And I'm not just wagging an arthritic finger at the ancient actresses. The dearth of talent extends behind the camera, too: Kim Won-jin's script doesn't have one decent punchline; Lee Sang-soon's direction fails with both slapstick and martial arts moves. Why didn't they didn't bring back the original writing/directing team? Why didn't they revisit the pot-harvesting plot-twist in the predecessor? Was the film created specifically for senior citizen centers at which the audience would be expected to forget that they'd already seen this crap the night before? Or did actor Lee Mun-shik, who I find quite likeable despite the larger embarrassment, simply want to star in a movie in which he gets to wear ladies pajama pants and occasionally show off his legs? The PJs do look comfortable, the legs are sexy. But next time, Lee, indulge these desires at home. You're better than this! In truth, all the actors are. They'd have to be. Although with Lee Kyu-han, I have my doubts.

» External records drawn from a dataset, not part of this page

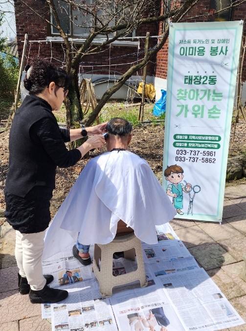 원주시 태장2동 지역사회보장협의체(민간위원장 오원택)는 거동이 불편한 독거 어르신과 장애인 가구를 대상으로 ‘찾아가는 가위손’ 이발 봉사활동을 실시했다. 이날 이발을 마친 독거 어르신은 “다리가 불편하여 바깥 외출이 힘든데 직접 찾아와 머리 손질을 해줘 고맙다.”고 말했다. 한편, ‘찾아가는 가위손’ 자원봉...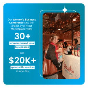 After targeted marketing efforts, we received over 150 applications and selected 30 businesses to feature in our Frost Marketplace, resulting in over $20,000 of vendor revenue — providing a boost in more ways than one. Hundreds of attendees also gained actionable insights and tools through meaningful conversations at our AI Office Hours, powered by Improving, and Table Talks, powered by CMP. These conversations and tools are changing how our region’s businesses approach talent, culture and opportunity.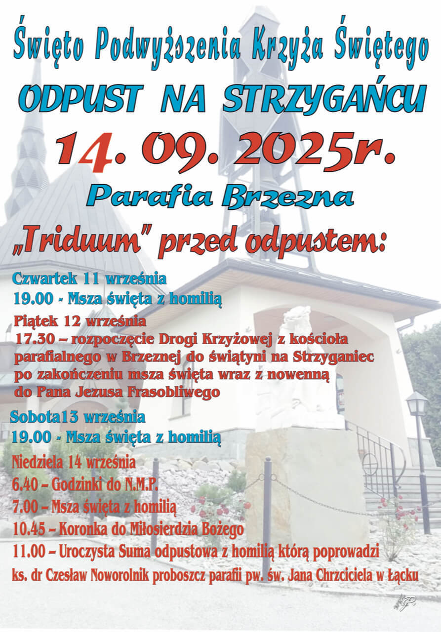 Uroczystości odpustowe poprzedzi Triduum. Msze Święte z homilią będą sprawowane w czwartek (11.09) o 19.00 oraz w sobotę (13.09) o 19.00. W piątek (12.09) o 17.30 rozpocznie się Droga Krzyżowa z kościoła parafialnego w Brzeznej na Strzyganiec, gdzie odprawiona zostanie Msza Święta.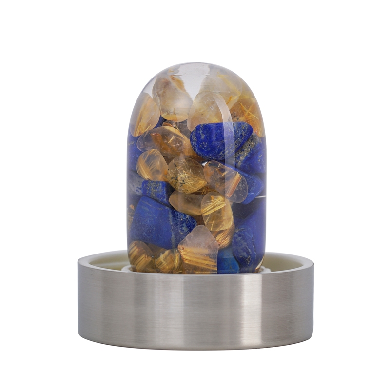 Lassen Sie sich inspirieren von der Farbintensität des tiefblauen Lapislazuli, der für Vorstellungsvermögen und Schaffenskraft steht und der einzigartigen Leuchtkraft des Rutilquarzes.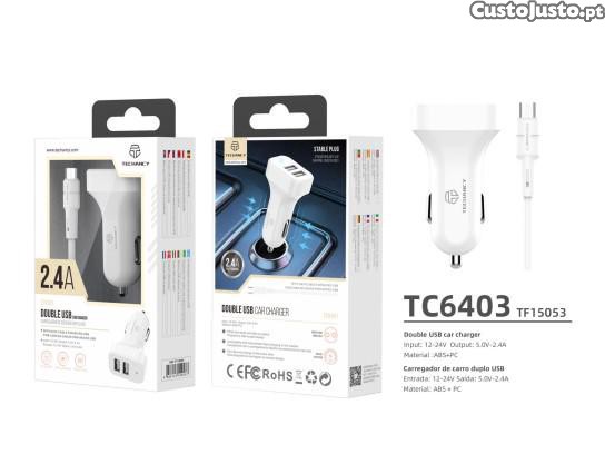 Preço: 5 €Carregador De Carro Para Micro Usb 2Usb Basico 2.4A Branco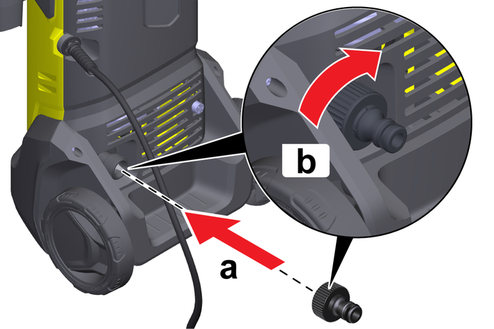 Mount the high-pressure hose on the device: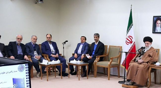 محسن فخریزاده، از مقامهای ارشد برنامه هستهای ایران و استاد فیزیک هستهای دانشگاه امام حسین در دیداری با آیت الله خامنه ای رهبر ایران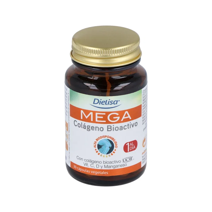 Composicion: Agente de carga: celulosa microcristalina, UCII® (colágeno nativo no desnaturalizado de tipo II: 10 mg), vitamina C microencapsulada (ácido L ascórbico), antiaglomerantes: dióxido de silicio, sales magnésicas de ácidos grasos, sulfato de manganeso, colecalciferol. Cápsula vegetal: Hidroxipropilmetilcelulosa, colorante: dióxido de titanio. Por 1 cápsula: Colágeno Bioactivo UC-II® .................................40 mg Colágeno nativo no desnatauralizado................... 10 mg Vitamina C .......................................................5 µg Vitamina D .......................................................24 mg Manganeso ......................................................2 mg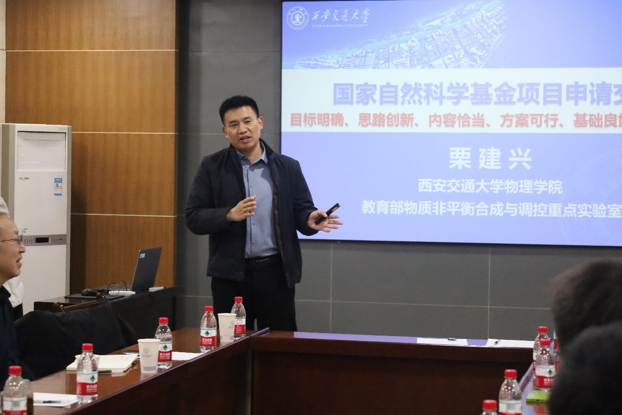 会议邀请西安交通大学XC体育教授、国家级人才栗建兴教授分享基金申报经验。栗建兴结合自身申报经验,以“目标明确,思路创新,内容恰当,方案可行,基础良好,行文清爽”的整体思路深入浅出地进行了申报书撰写的要点讲解和经验分享。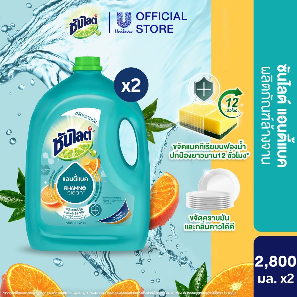 ซันไลต์ น้ำยาล้างจาน ขจัดคราบมัน 2800 - 3200 มล x2 Sunlight Dish Washing 2800 - 3200 ml x2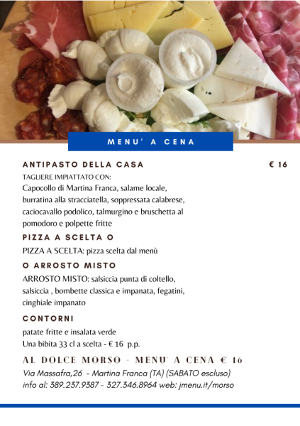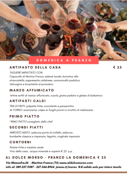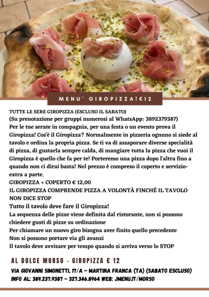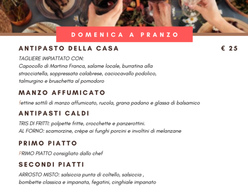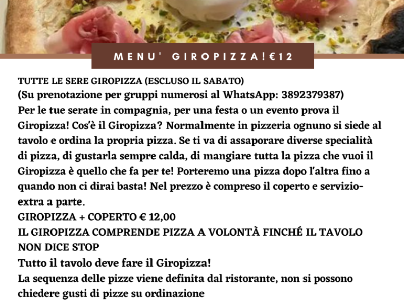 All you can eat all'italiana mangi quanto vuoi ad un prezzo fisso. Costa € 22.90 a persona per un numero di portate illimitate e non comprende bevande e dolci . La formula “All You Can Eat”

As the movie's one representative of youth, the exceedingly handsome model (?) -- surely, he's spent some time silently serving face -- shares so many variations of "the blank look" that you'd be justified in fearing that the body snatchers really had landed on Earth. The few times that Lee is called upon to emote, it's not a pretty sight. (That anguished scream in the ocean is really terrible to witness.) In his defense, you could say that no one here was mentoring him. Perhaps those old broads just wanted to get down his pajama pants: Mapado 3: Cougars on the Prowl. That was a joke. Please don't make another Mapado movie!